I would try to schedule downtime during the standard lunch hour, sending an email alerting people to the potential for downtime. Too many users work through lunch or take later lunches, so my suggestion of running to the local Mexican restaurant fell flat. Sometimes, users just didn't see my company-wide email that I had sent earlier in the day about the upcoming downtime. I also tried to take down the AOS after office hours. That didn't work either because many users always want to be logged in to AX.
Basically, it came down to the fact that I felt like I was always completely inconveniencing someone when I would start system maintenance. I would start getting calls of, "What's wrong with AX?" or "Did someone kick me out?" I just couldn't win!
|Me, over here like "Why are you working at 11:00 pm?"|
My Wonderful Accidental Discovery
So, imagine my surprise one day while reading through TechNet on a completely separate subject, I discovered the ability to Drain the AOS.
This isn't a fairly obvious solution (Hey Microsoft, where's the Drain the AOS button?), but it is very practical and quite easy to use. It only took me four years to find this, and that's why I am sharing this with you. If I can help someone else out, I am glad to do so. I shared this tip at AXUG Summit in October and at Collaborate Canada in November, and a lot of system administrators were also unaware of this functionality!
Rejecting New Clients
The first step to draining the AOS is to navigate to System administration > Common > Users > Online users. Once there, click on the Server instances tab. Then, click Reject new clients.
|Rejection is hard, this doesn't have to be!|
Once you click Reject new clients, the Status field will read Draining, and users will no longer be able to make a new connection to the AOS and they will see the following message when trying to log in:
Draining - What Does That Mean?
We have stopped new connections to the AOS. Now, how do we get the existing users out of AX?

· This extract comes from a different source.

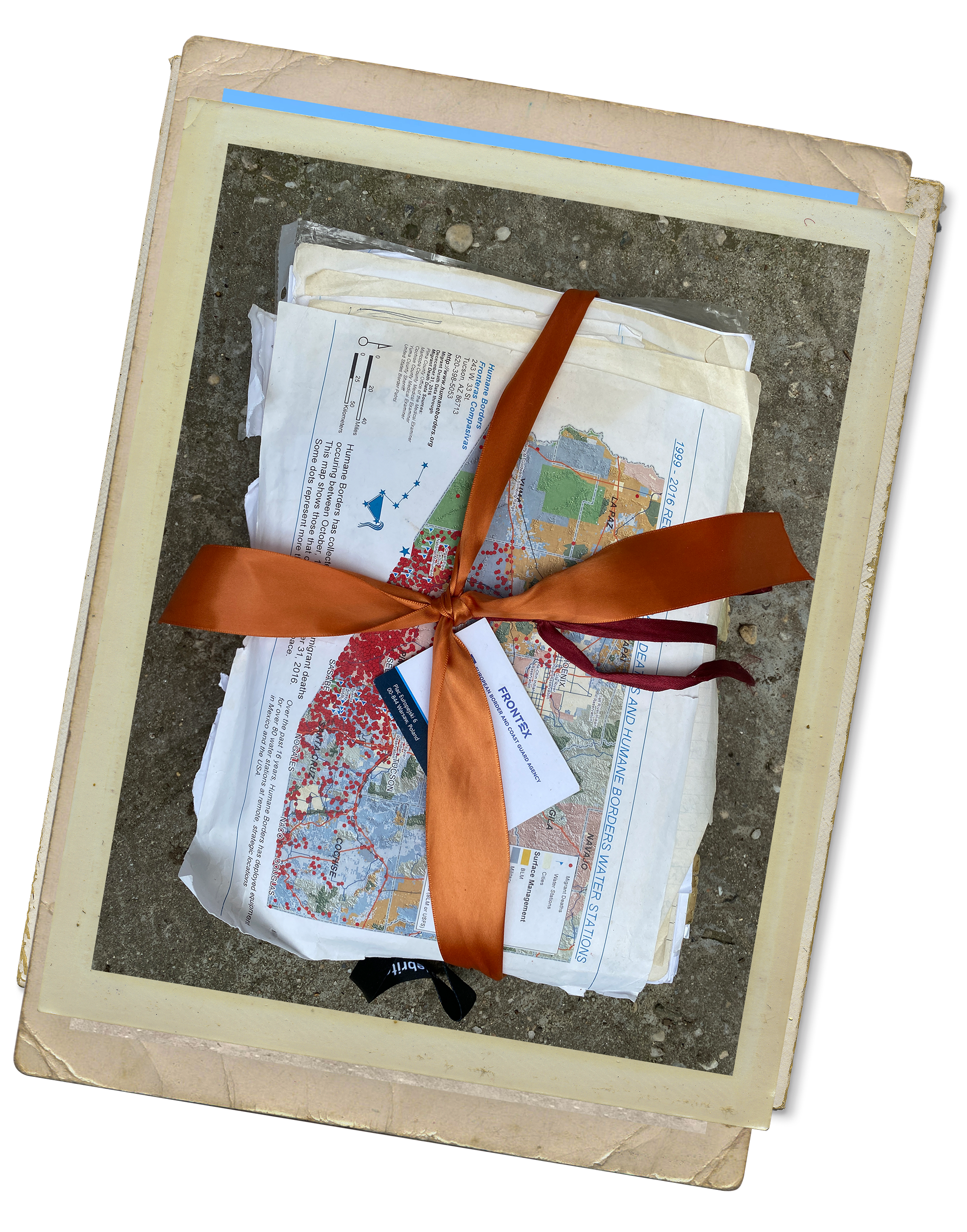 Over the years, people have been incredibly generous in sharing their stories with me, often in the most difficult of times. Since 2018 I have also been archiving audio, visual, and written material, both as a way to remember and to stitch together the complex tapestry of human movement. A large pile of dog-eared papers and coffee-stained notebooks has traveled the world with me, from Greece, to Mexico, to Kenya, to Palestine, with a small coffee cup full of ash from the Moria refugee camp and various other treasures sitting on my desk - a daily reminder of the material reality of this work.

The process of draining automatically takes care of this for you. Instead of going into the Client sessions tab of the Online users form and manually ending sessions (also a valid option, but also a good way to make enemies), users are now given an infolog letting them know that the system administrator is shutting down the AOS. The full text of the infolog states, "The administrator is shutting down the Application Object Server. You must save your work and log off. If your user session is idle, you will be logged off automatically."
|"In your face" alerts work much better than company-wide emails.|
This alert will pop up after five minutes. After idle for two minutes, the user will automatically be forced off the AOS.
Once the user count is down to your session only, feel free to complete system maintenance. Once completed, stop draining by clicking the Accept new clients button or restarting the AOS service.
This is a life saver. I promise, system maintenance has never been so hassle free!